CCR5-delta 32, spiega il team, sostiene la salute delle persone con HIV perché colpisce il recettore CCR5. Questa è la principale "porta" che il virus utilizza per entrare nelle cellule immunitarie specializzate e distruggerle.

"La nostra convinzione era che questa mutazione genetica avrebbe conferito un vantaggio alle persone che ce l'hanno in termini di rischio ridotto di sviluppare una fibrosi epatica progressiva", afferma il dott. Sherman.

Aggiunge: "Abbiamo confrontato i pazienti con e senza la mutazione genetica e abbiamo utilizzato misure di fibrosi epatica che prevedevano l'uso di un pannello di biomarcatori chiamato ELF Index (fibrosi epatica potenziata)".

"Si è scoperto che i pazienti che avevano la mutazione sembravano avere una minore progressione della fibrosi dalla misura che abbiamo usato rispetto a quelli che non avevano la mutazione."

“Quella era la prova che la presenza di a CCR5 la mutazione stava probabilmente alterando i tassi di progressione della fibrosi nei pazienti con infezione da epatite C e HIV ".

Dr. Kenneth Sherman

Promettenti risultati di studi clinici

I partecipanti alla seconda coorte includevano persone con HIV ma nessuna malattia epatica nota.

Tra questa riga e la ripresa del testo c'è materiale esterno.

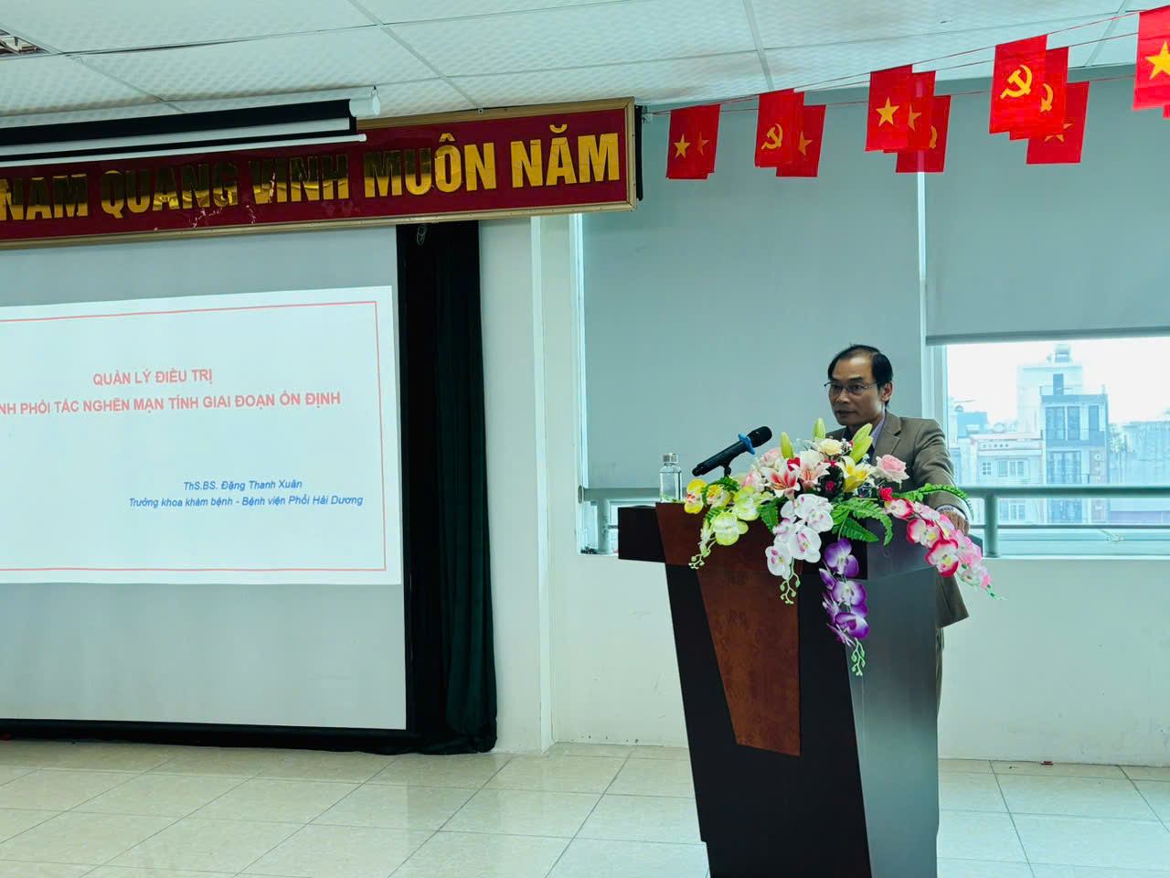 Ths.Bs Đặng Thanh Xuân – Trưởng khoa Khám bệnh trình bày tại Hội thảo chuyên đề “Cập nhật quản lý điều trị bệnh phổi tắc nghẽn mạn tính (COPD) giai đoạn ổn định”. COPD là một trong những nguyên nhân hàng đầu gây tử vong và gánh nặng bệnh tật trên toàn cầu. Nội dung bài trình bày nhấn mạnh tầm quan trọng của việc chẩn đoán sớm, điều trị đúng phác đồ và quản lý bệnh nhân COPD giai đoạn ổn định nhằm giảm triệu chứng, phòng ngừa đợt cấp, làm chậm tiến triển bệnh và cải thiện chất lượng cuộc sống cho người bệnh. Bên cạnh điều trị dùng thuốc, các biện pháp không dùng thuốc như cai thuốc lá, tiêm phòng, phục hồi chức năng hô hấp và giáo dục bệnh nhân cũng được nhấn mạnh trong chiến lược quản lý toàn diện COPD.

Questi avevano aderito a uno studio clinico che testava Cenicriviroc, un farmaco sperimentale in grado di bloccare il recettore CCR5 e quindi potenzialmente interrompere l'attività dell'HIV.

Cenicriviroc è anche in grado di bloccare un altro recettore simile chiamato CCR2.

Dopo 1 anno di assunzione del farmaco sperimentale, i partecipanti che avevano assunto dosi più elevate hanno mostrato meno segni di fibrosi epatica, suggerendo che erano diventati meno esposti a insufficienza epatica.

"Se CCR5 e / o CCR2 portano a una diminuzione della fibrosi indipendentemente dalla sua fonte, possiamo prevenire le conseguenze del danno epatico", osserva il dott. Sherman.

"I farmaci che le persone prendono per il trattamento dell'HIV a volte causano steatosi epatica e altre forme di danno epatico", avverte.

"Non abbiamo agenti che proteggono il fegato da lesioni aspecifiche in questo momento", aggiunge il dott. Sherman, dicendo: "Se CCR5 e CCR2 sono centrali per le vie che portano alla cicatrizzazione del fegato, forse quel danno può essere modulato attraverso CCR5 e il blocco CCR2. "

Se la ricerca futura offre ulteriori prove sull'efficacia dei farmaci che prendono di mira i due recettori chiave, ciò potrebbe cambiare l'aspetto dei trattamenti per l'HIV al fine di proteggere meglio la salute del fegato.

"È possibile che un giorno tutti i pazienti con HIV possano essere trattati con un agente bloccante come parte del loro cocktail di farmaci contro l'HIV progettato per proteggere il fegato e riguadagnare e mantenere la salute del fegato", suggerisce il dott. Sherman.